When Chinese write Tibetan place names or people’s names into Chinese, they usually phonetically render the name based upon sound into similarly sounding Chinese characters, rather than semantically translating it into Chinese characters on the basis of meaning. In these cases, the Chinese characters do have meaning, but that meaning is incidental to their use in rendering the Tibetan name, since they were chosen primarily on the basis of their sounds. However, Chinese semantic equivalents are typically used if a part of a person’s name is an abstract title (“president,” etc.), or part of a place name is an abstract term such as “monastery,” “city” or “county.” In those cases, the Tibetan is not phonetically rendered, but rather is precisely translated with the equivalent Chinese term. This yields “hybrid” renderings where a Tibetan name is rendered in Chinese by a combination of phonetics and translation.
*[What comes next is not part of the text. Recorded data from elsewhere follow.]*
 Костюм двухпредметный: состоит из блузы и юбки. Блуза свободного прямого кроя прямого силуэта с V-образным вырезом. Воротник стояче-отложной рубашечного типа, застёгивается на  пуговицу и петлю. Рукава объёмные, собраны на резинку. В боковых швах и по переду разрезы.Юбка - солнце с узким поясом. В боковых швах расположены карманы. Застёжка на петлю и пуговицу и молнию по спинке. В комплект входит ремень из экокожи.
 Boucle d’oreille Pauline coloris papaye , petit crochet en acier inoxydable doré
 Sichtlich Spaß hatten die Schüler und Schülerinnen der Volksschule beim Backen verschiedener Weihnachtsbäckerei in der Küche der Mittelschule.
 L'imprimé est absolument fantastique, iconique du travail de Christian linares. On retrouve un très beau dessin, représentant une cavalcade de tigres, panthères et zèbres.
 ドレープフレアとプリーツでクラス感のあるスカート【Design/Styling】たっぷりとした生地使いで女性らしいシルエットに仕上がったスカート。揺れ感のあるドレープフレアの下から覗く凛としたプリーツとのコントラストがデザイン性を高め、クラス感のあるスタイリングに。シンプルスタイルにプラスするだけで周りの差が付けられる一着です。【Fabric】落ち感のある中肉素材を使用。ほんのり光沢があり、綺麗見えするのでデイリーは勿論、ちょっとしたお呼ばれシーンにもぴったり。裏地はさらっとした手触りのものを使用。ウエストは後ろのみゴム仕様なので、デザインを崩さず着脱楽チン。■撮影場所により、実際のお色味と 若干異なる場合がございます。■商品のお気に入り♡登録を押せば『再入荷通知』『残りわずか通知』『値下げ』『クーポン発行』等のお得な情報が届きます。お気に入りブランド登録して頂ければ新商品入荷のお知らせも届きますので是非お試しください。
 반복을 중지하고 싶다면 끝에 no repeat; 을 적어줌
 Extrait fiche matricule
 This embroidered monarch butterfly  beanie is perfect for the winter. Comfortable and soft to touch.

There are a number of online sites that convert from simplified characters to traditional characters and vice versa. There are also sites that convert from Chinese characters to pinyin. One of these is external link: Some sites convert to pinyin with tone marks; some convert to pinyin with tone numbers; some convert to both. Thus far we have not found any sites that convert to pinyin without either tone marks or numbers.